What is being asked: Task for the records below: please retype exactly and only the lines from the first through the one with "It shows the", with every picture omitted.

Dataset content:
--

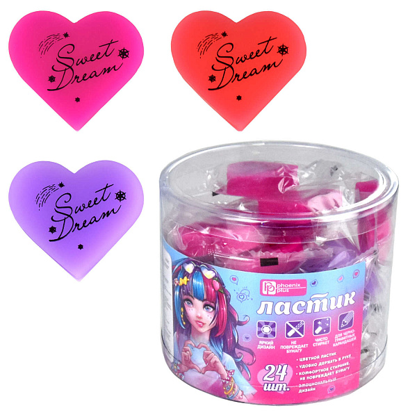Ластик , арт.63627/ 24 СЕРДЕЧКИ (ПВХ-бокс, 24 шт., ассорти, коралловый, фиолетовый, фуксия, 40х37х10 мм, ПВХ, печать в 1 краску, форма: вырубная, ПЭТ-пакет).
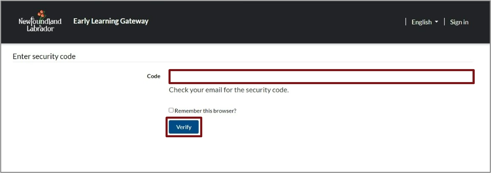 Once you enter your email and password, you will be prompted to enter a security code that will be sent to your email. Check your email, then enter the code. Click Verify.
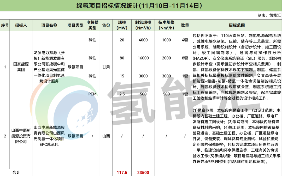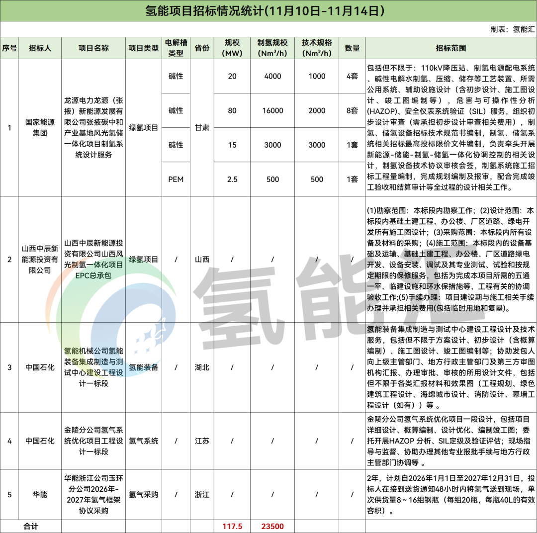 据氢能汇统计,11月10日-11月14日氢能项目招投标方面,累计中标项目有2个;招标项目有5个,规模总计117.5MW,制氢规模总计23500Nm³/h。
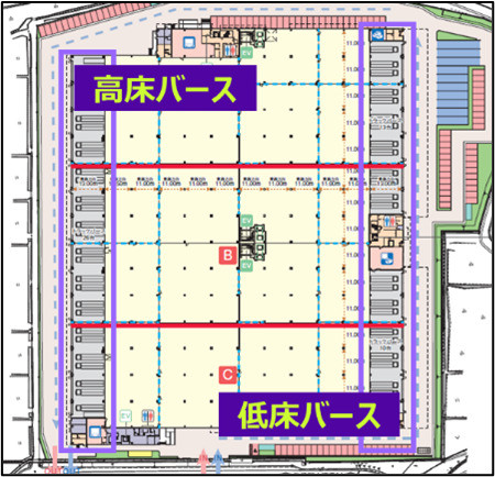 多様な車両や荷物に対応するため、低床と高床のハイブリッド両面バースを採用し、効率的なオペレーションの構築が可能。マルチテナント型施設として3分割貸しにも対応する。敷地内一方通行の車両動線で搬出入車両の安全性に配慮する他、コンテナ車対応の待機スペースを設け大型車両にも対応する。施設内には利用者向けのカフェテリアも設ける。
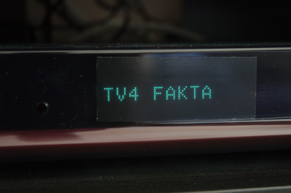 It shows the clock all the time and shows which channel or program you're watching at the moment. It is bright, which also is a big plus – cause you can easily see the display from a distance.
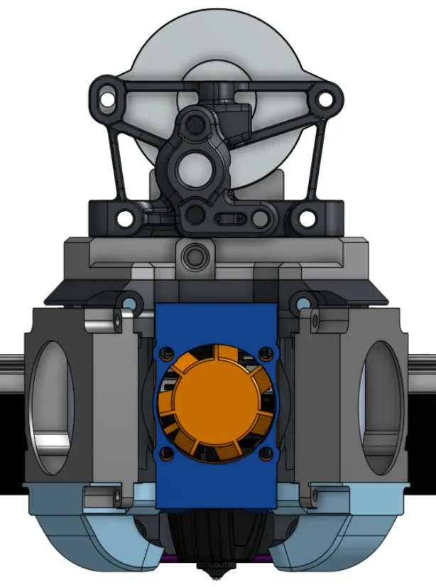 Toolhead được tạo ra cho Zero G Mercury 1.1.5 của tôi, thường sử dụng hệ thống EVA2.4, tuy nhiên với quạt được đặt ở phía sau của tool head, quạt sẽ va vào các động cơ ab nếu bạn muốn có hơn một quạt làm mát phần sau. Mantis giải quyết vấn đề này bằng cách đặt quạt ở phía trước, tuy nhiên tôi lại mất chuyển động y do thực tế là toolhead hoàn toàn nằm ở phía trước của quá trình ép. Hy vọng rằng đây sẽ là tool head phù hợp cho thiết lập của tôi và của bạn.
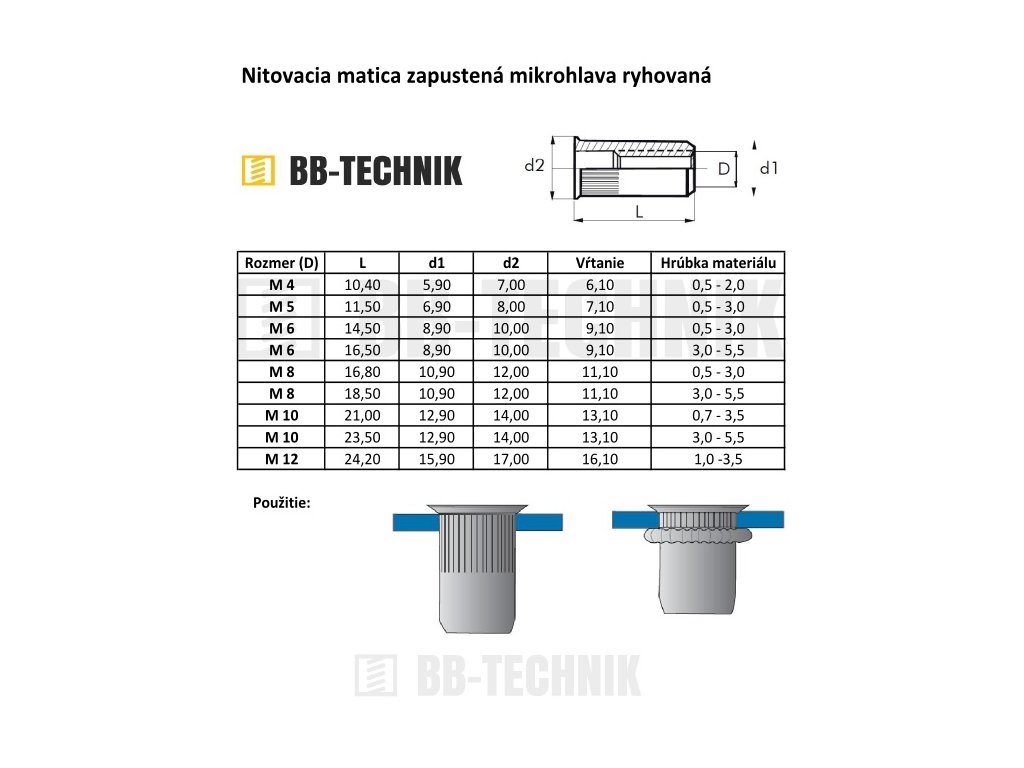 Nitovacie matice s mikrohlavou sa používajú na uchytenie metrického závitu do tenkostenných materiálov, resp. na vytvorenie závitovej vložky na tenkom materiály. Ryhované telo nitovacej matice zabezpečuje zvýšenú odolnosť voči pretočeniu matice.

--

Result for this exercise:
Ластик , арт.63627/ 24 СЕРДЕЧКИ (ПВХ-бокс, 24 шт., ассорти, коралловый, фиолетовый, фуксия, 40х37х10 мм, ПВХ, печать в 1 краску, форма: вырубная, ПЭТ-пакет).
 Once you enter your email and password, you will be prompted to enter a security code that will be sent to your email. Check your email, then enter the code. Click Verify.
 据氢能汇统计,11月10日-11月14日氢能项目招投标方面,累计中标项目有2个;招标项目有5个,规模总计117.5MW,制氢规模总计23500Nm³/h。
 多様な車両や荷物に対応するため、低床と高床のハイブリッド両面バースを採用し、効率的なオペレーションの構築が可能。マルチテナント型施設として3分割貸しにも対応する。敷地内一方通行の車両動線で搬出入車両の安全性に配慮する他、コンテナ車対応の待機スペースを設け大型車両にも対応する。施設内には利用者向けのカフェテリアも設ける。
 It shows the clock all the time and shows which channel or program you're watching at the moment. It is bright, which also is a big plus – cause you can easily see the display from a distance.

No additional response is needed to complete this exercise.